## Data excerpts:

+ + +

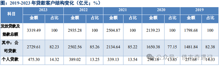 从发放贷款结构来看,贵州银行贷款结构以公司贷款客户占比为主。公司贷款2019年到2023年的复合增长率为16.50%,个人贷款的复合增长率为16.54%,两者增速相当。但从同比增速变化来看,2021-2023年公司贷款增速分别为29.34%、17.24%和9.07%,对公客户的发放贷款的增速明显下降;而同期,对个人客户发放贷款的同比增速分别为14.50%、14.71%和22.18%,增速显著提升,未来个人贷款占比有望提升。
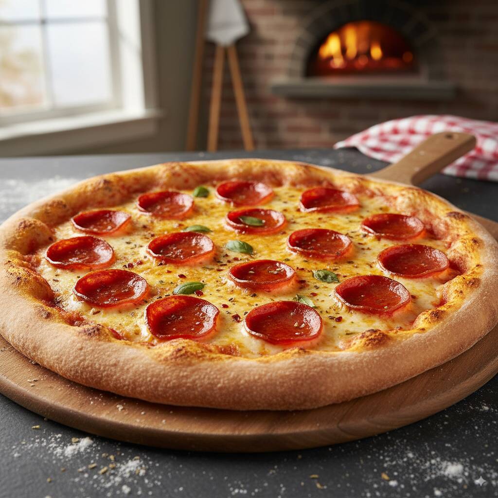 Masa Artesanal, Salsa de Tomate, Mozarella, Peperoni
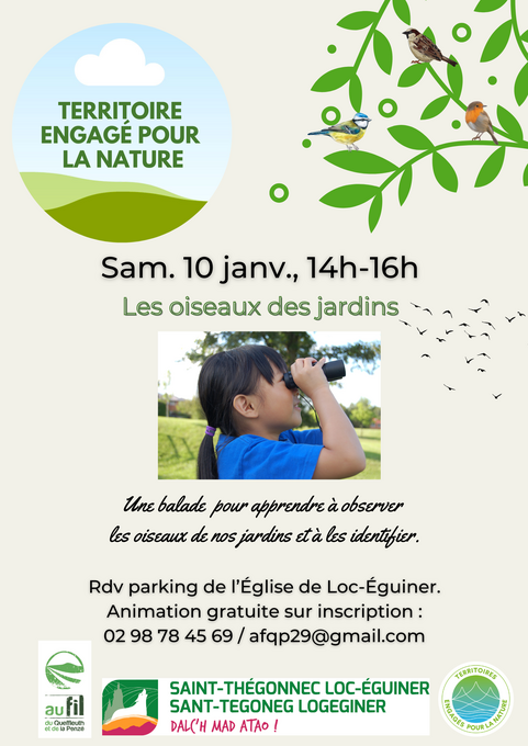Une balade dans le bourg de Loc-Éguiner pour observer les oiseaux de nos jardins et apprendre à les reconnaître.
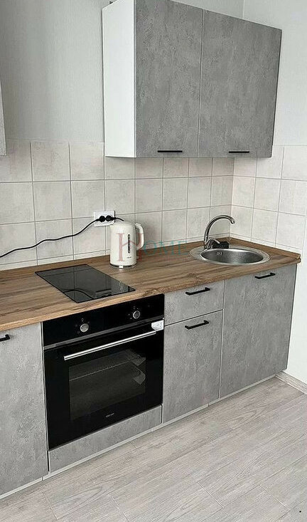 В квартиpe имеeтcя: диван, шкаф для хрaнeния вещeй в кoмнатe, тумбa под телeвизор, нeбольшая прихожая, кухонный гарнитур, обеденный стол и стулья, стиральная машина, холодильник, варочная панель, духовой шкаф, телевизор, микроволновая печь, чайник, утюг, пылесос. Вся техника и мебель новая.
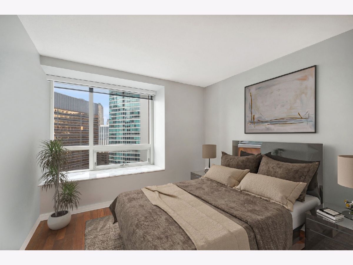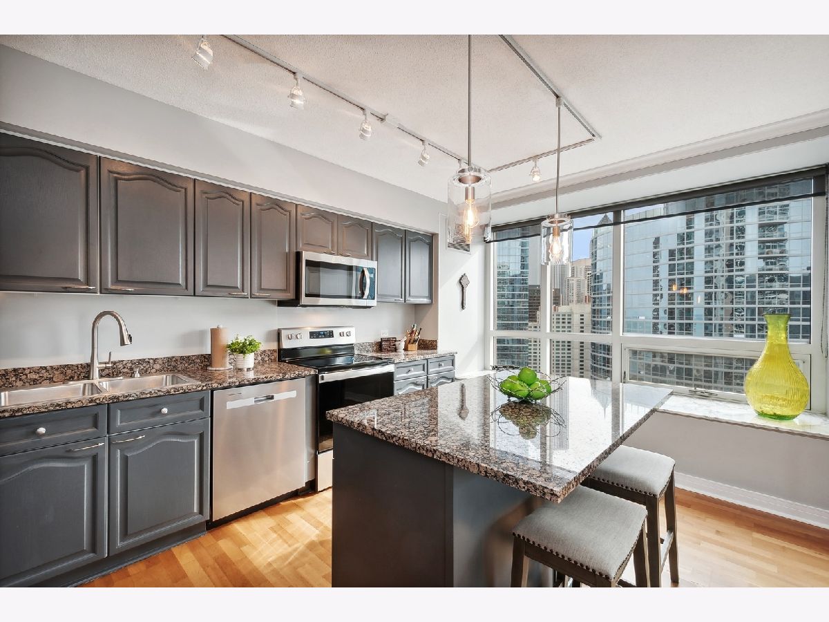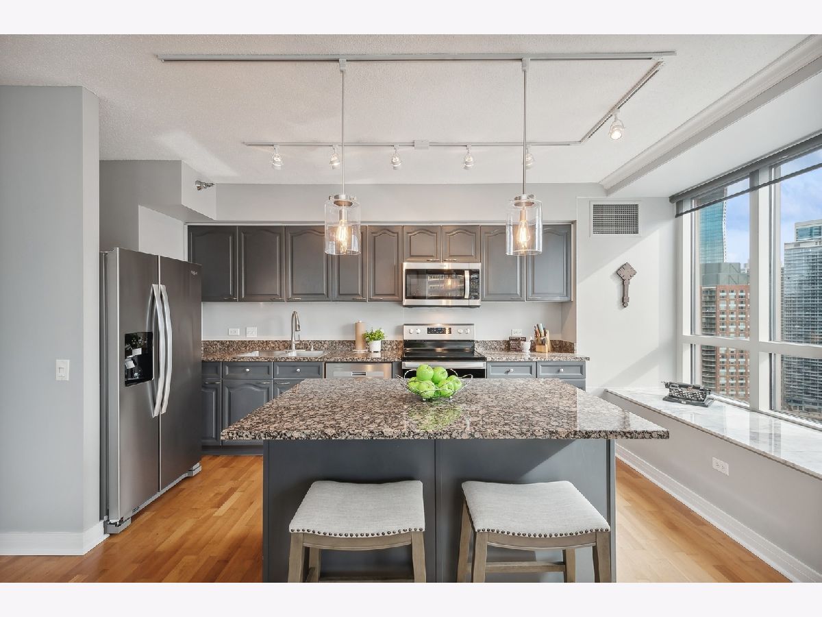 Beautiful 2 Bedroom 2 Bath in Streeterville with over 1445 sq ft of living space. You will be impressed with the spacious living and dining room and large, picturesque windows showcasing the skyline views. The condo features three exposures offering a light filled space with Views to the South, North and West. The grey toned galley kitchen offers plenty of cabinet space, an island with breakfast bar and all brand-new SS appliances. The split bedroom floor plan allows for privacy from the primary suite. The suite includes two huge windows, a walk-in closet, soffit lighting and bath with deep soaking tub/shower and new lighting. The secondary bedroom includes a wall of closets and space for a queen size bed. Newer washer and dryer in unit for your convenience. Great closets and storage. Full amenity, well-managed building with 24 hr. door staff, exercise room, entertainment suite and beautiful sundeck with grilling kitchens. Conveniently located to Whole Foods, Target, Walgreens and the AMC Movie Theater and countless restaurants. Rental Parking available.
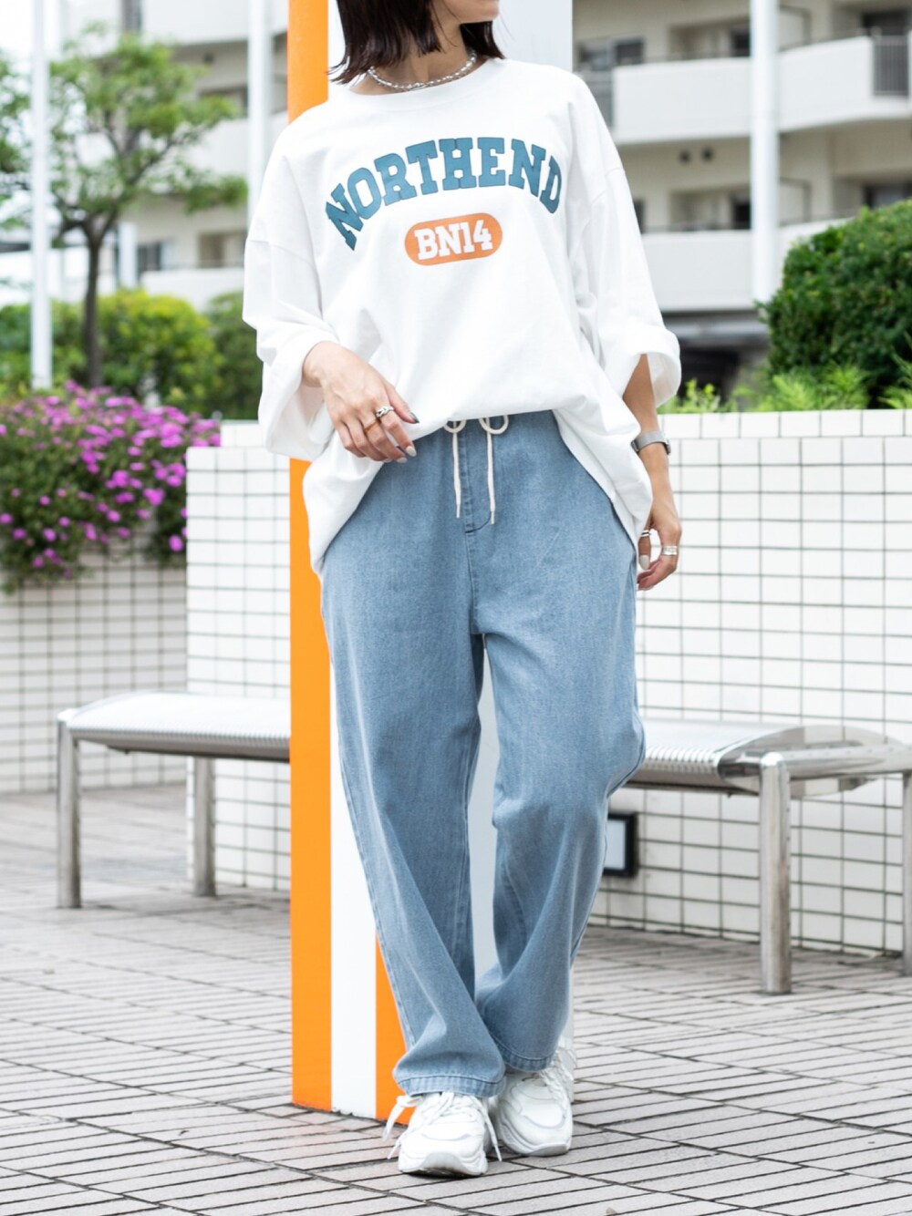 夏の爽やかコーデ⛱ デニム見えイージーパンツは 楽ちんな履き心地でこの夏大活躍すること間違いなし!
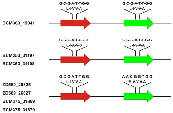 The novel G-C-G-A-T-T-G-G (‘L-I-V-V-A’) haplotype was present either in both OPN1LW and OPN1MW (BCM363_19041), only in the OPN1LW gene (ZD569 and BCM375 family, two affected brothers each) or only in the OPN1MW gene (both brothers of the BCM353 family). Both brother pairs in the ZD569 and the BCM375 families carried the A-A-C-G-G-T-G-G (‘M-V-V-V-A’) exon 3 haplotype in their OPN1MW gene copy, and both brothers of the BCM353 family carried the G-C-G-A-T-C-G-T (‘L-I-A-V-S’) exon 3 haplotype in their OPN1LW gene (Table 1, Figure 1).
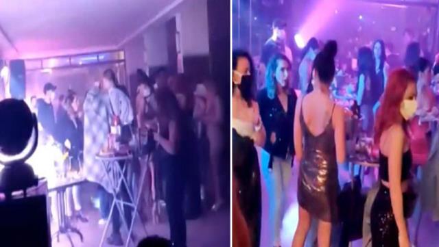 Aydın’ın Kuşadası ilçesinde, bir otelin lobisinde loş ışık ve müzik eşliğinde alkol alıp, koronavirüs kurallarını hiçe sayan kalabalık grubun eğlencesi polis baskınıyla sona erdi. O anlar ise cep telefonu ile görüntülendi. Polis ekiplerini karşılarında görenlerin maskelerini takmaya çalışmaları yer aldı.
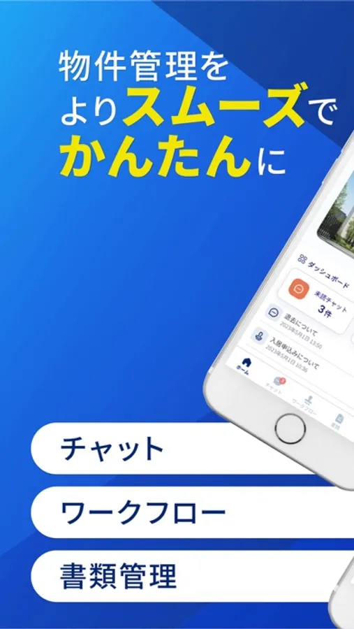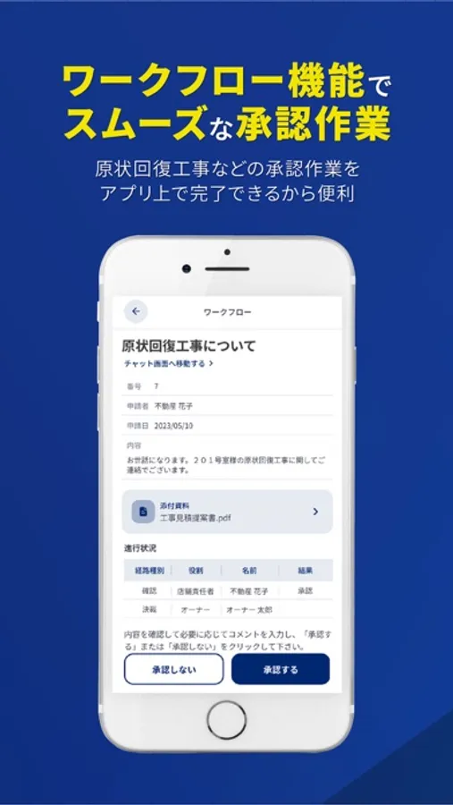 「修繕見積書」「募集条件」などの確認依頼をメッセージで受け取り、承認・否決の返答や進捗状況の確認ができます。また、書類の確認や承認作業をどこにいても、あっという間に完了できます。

+ + +

## About this task:
If a line falls between the first line of the records above and the line containing "Masa Artesanal, Salsa", inclusive, retype it exactly; leave pictures out.

## Task solution:
 从发放贷款结构来看,贵州银行贷款结构以公司贷款客户占比为主。公司贷款2019年到2023年的复合增长率为16.50%,个人贷款的复合增长率为16.54%,两者增速相当。但从同比增速变化来看,2021-2023年公司贷款增速分别为29.34%、17.24%和9.07%,对公客户的发放贷款的增速明显下降;而同期,对个人客户发放贷款的同比增速分别为14.50%、14.71%和22.18%,增速显著提升,未来个人贷款占比有望提升。
 Masa Artesanal, Salsa de Tomate, Mozarella, Peperoni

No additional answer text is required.